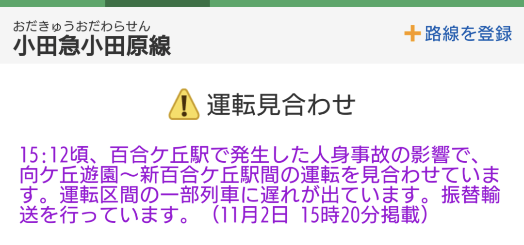 @TAKUTOxxxxまたか。 小田急小田原線で人身事故 一部運転見合わせ(レスキューナウニュース) #Yahooニュース news.yahoo.co.jp/articles/0b64f…
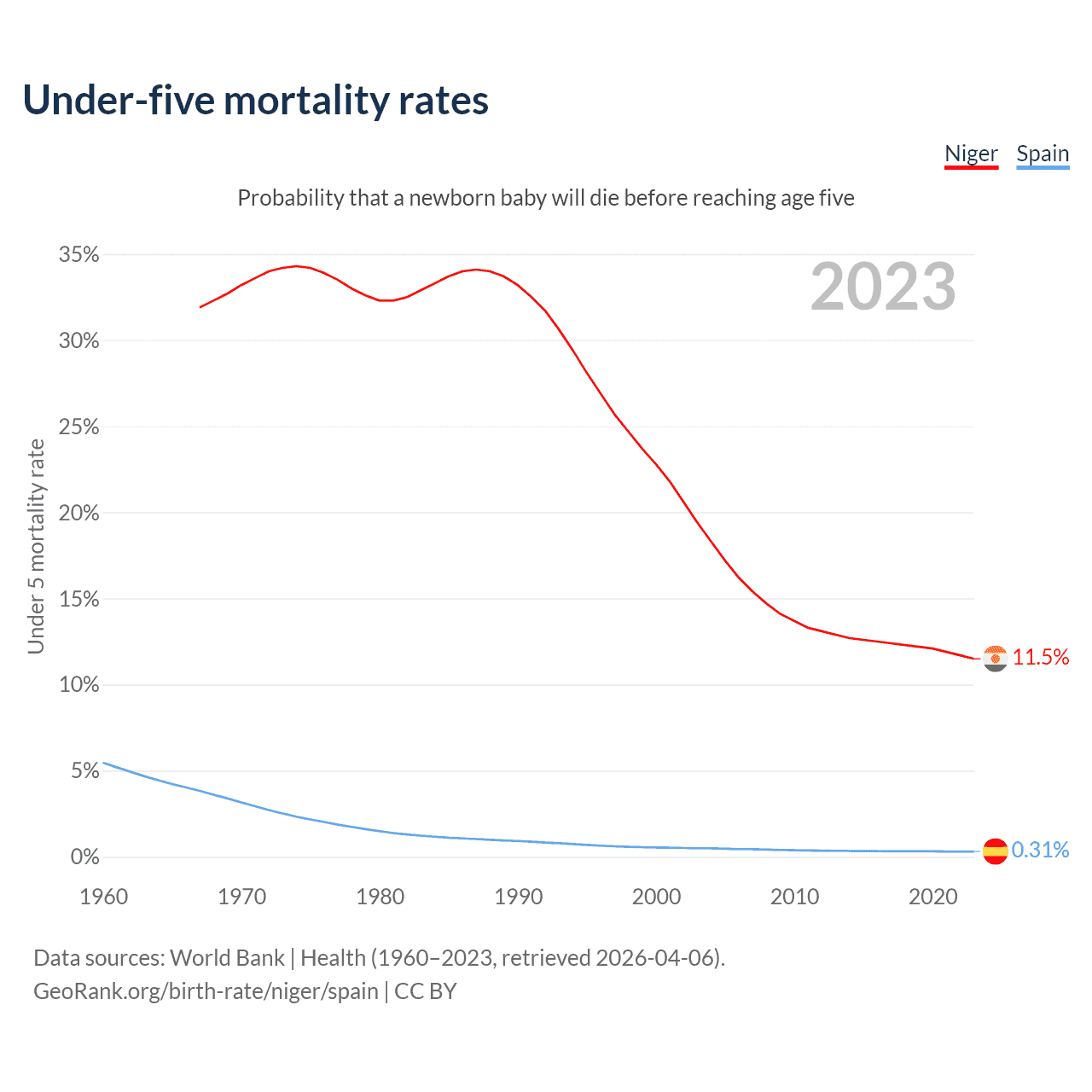 The chance that a newborn baby will die before reaching age five is 11.5% in Niger and 0.31% in Spain. Above is a chart with historical data on under-five mortality rates.
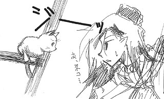 リドはネコと目が合うとしばらくネコとにらめっこして動きません。
+-------+
● About this exercise:
Repeat the listing above word for word and leave its images out.

● Your response:
 @TAKUTOxxxxまたか。 小田急小田原線で人身事故 一部運転見合わせ(レスキューナウニュース) #Yahooニュース news.yahoo.co.jp/articles/0b64f…
 The chance that a newborn baby will die before reaching age five is 11.5% in Niger and 0.31% in Spain. Above is a chart with historical data on under-five mortality rates.
 リドはネコと目が合うとしばらくネコとにらめっこして動きません。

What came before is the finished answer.